St. Petersburg Times Online: Business
 Devil Rays Forums

printer version

Venture capitalist foresees continued growth

By KRIS HUNDLEY

© St. Petersburg Times, published June 19, 2000


TAMPA -- W. Scott Miller has been a venture capitalist since 1991, putting institutional funds into about 30 start-up companies, all of which he describes as successful.

He said this experience has helped him separate potential winners from likely losers.

"They teach bank tellers to spot a counterfeit by showing them the real thing, over and over again," Miller said. "Then when they see a fake, they can identify it immediately. That's one of the things I've learned from my years in this business."

Miller, 36, had been an investment banker prior to joining South Atlantic Venture Partners, Tampa's first venture capital firm, in 1991. In 1997, he and partner W. Radford Lovett II formed Lovett Miller & Co., with offices in Tampa and Jacksonville.
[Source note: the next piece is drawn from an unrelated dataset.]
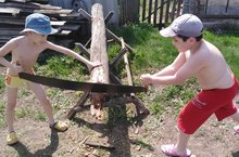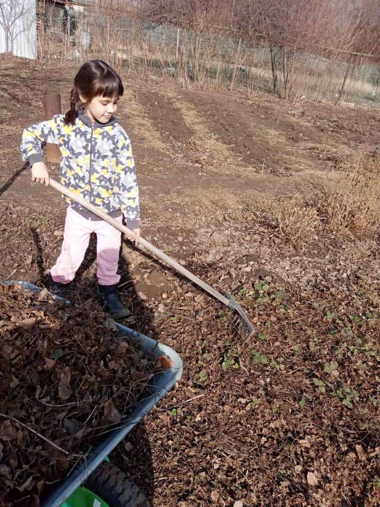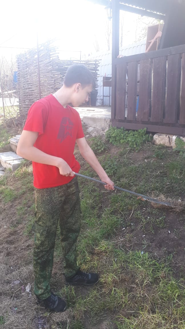 На фото: Шакиров Ильяс (4 класс) помогает дедушке.

Today they manage $170-million in three funds; about $70-million of that total has been invested or committed to portfolio companies, with 12 deals completed in the past year.

Lovett Miller has raised its money from wealthy families and individuals, a university endowment and a couple of corporate profit-sharing plans. From the time the funds are created, Lovett Miller has six years to invest the money and another seven years to harvest returns. "We want investors who understand it's a very long-term business," said Miller, who declined to speculate on potential returns on his company's funds. "Their money can be locked up for anywhere from one to 10 years."

In his company's offices on the 26th floor of the AmSouth building, Miller talked with the St. Petersburg Times about the booming number of start-ups looking for cash, the corresponding growth in the number of venture capital firms and how his company decides where to put its money.

Q: How has the pool of potential investments changed over the past nine years?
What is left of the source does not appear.